Rebiya Kadeer is the head of the World Uighur Congress, which represents the Uighur community in exile.
She lives in the US, but is often blamed by the Beijing government for being behind protests and riots inside China's restive Xinjiang region.
Rebiya Kadeer has denied fomenting the violence in Xinjiang
She has rebuffed accusations that she has stirred up violence in the regional capital, Urumqi, in July 2009.
"I am fighting for the rights, for the self-determination for Uighurs," she said in a recent BBC interview.
She also denies Chinese accusations that she has links to the East Turkistan Islamic Movement, a separatist group the US put on its terrorist blacklist.
Released from prison in 2005 after spending six years in a Chinese jail, Mrs Kadeer fled to the suburbs of the US state of Virginia.
From there she presides over both the World Uighur Congress and the Uighur American Association. She was nominated for the Nobel Peace Prize in 2006.
She was a successful businesswoman and philanthropist in China until her arrest in 1999 for allegedly endangering national security.
At the time the authorities said her crime was to send local newspaper reports about the activities of Xinjiang's Uighurs to her US-based husband, even though these were freely available.
It was a sharp reversal in fortunes for someone whose local achievements the Communist government had until then trumpeted.
Mrs Kadeer, twice-married and the mother of at least 11 children, grew up in poverty but at the time of her release was known locally as "the millionairess".
Human Rights Watch researcher Mickey Spiegel, who has met Mrs Kadeer's family several times, describes her as "a very enterprising woman, who was able to bring herself up, in a sense, by her bootstraps".
After working as a laundress, Mrs Kadeer founded and directed a large trading company in Xinjiang, and used her wealth to provide fellow Uighurs with employment and training.

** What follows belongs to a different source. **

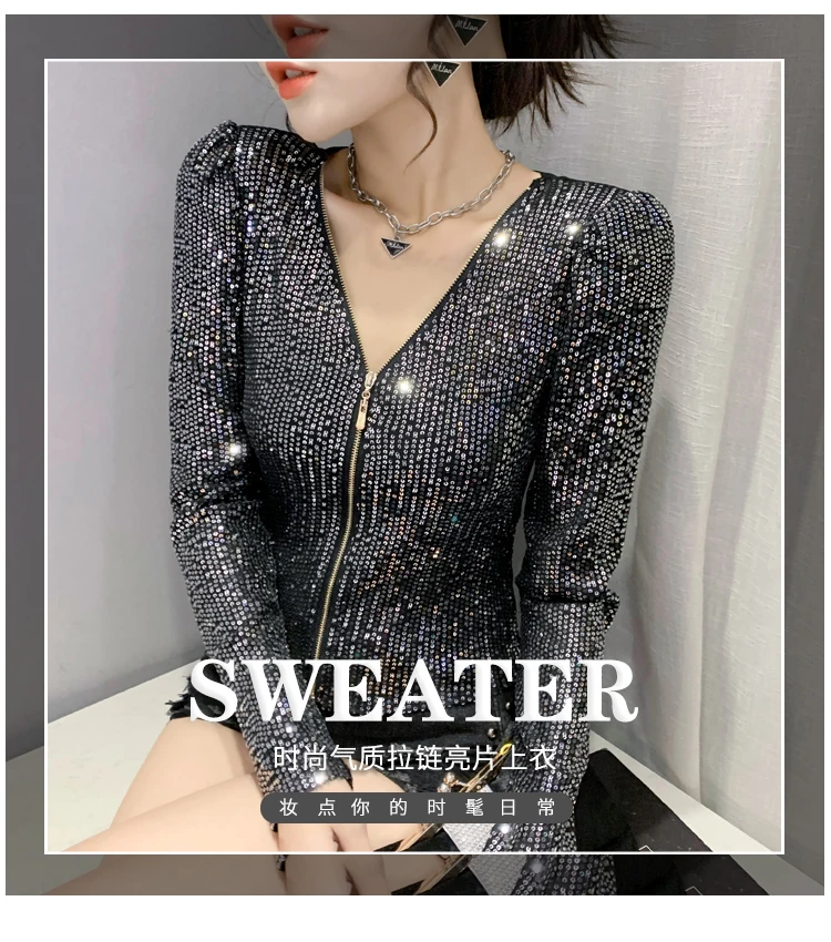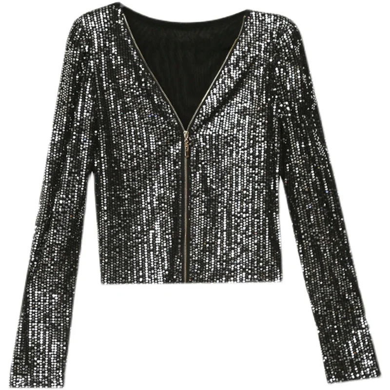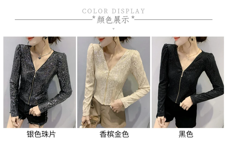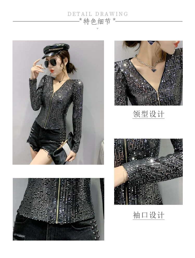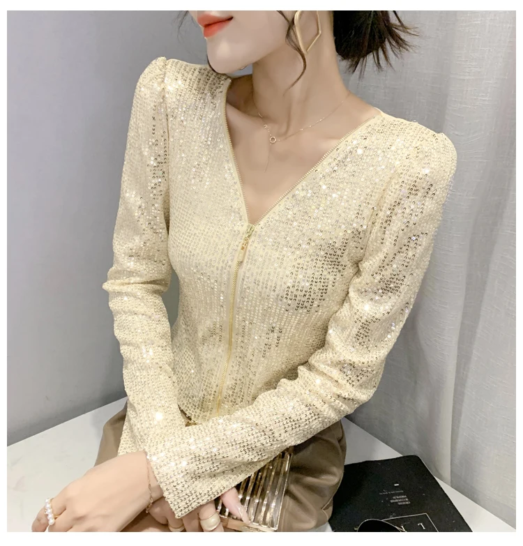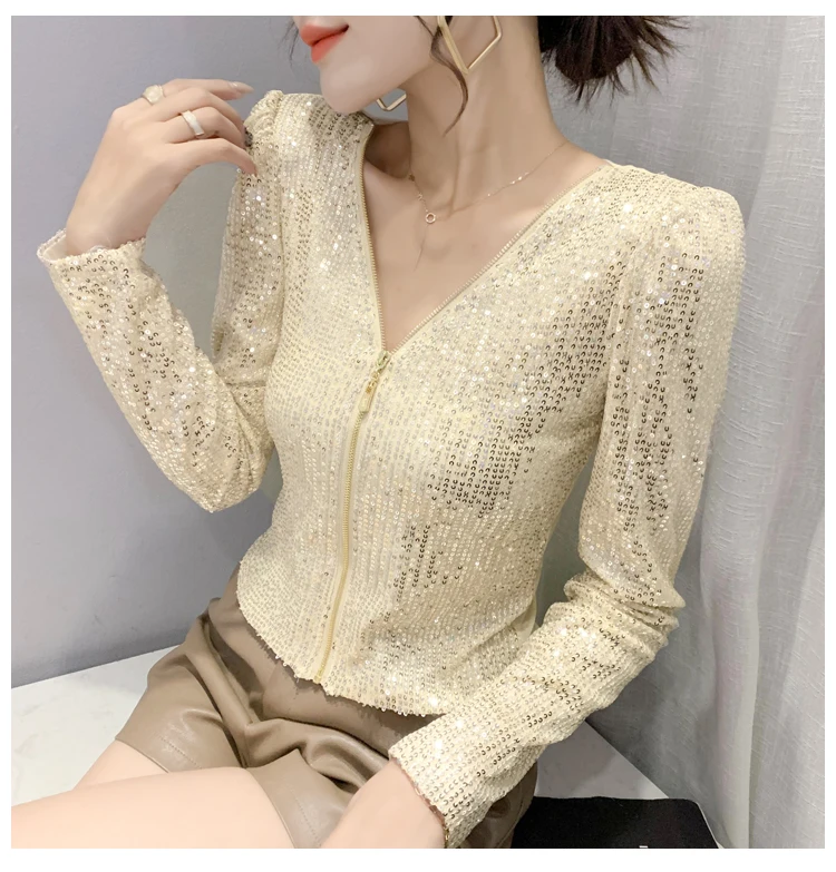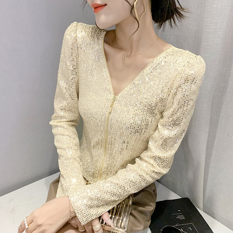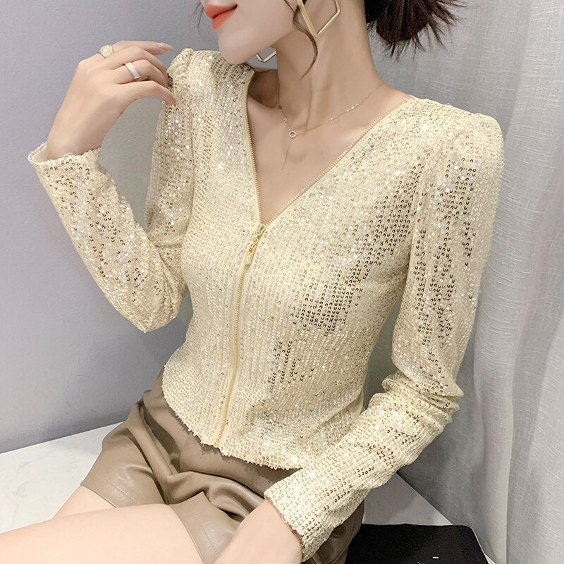 2022 New Spring Women's T-Shirt Fashion Casual Sequined V-neck Long-Sleeved Mesh Tops Elegant Slim Plus Size Women Clothing

Ethnically Turkic Muslims, mainly live in Xinjiang
Made bid for independent state in 1940s
Sporadic violence in Xinjiang since 1991
Uighurs worried about Chinese immigration and erosion of traditional culture
Partly as a result, she was appointed to China's national advisory group, the Chinese People's Political Consultative Conference (CPPCC), and sent as one of the country's delegates to the United Nations World Conference on Women in 1995.
But her treatment by the authorities changed, rights organisations say, when her Uighur husband and former political prisoner Sidik Rouzi fled China for the US in 1996.
He had previously been imprisoned for campaigning against China's treatment of the ethnic minority, which make up slightly more than half the population of Xinjiang.
Mrs Kadeer's passport was seized, she was harassed by police and, in 1998, barred from reappointment to the CPPCC.
Before her arrest, Mrs Kadeer was running the 1,000 Families Mothers' Project, which helped Uighur women start businesses.
She was detained in August 1999, on her way to meet a visiting delegation from the United States Congressional Research Service to complain about political prisoners in Xinjiang.
She was convicted of endangering state security by the Urumqi Intermediate People's Court on 10 March, 2000.
She left China in March 2005, but some of her family members are still there.
She says her family is frequently singled out for persecution, and two sons are currently in jail.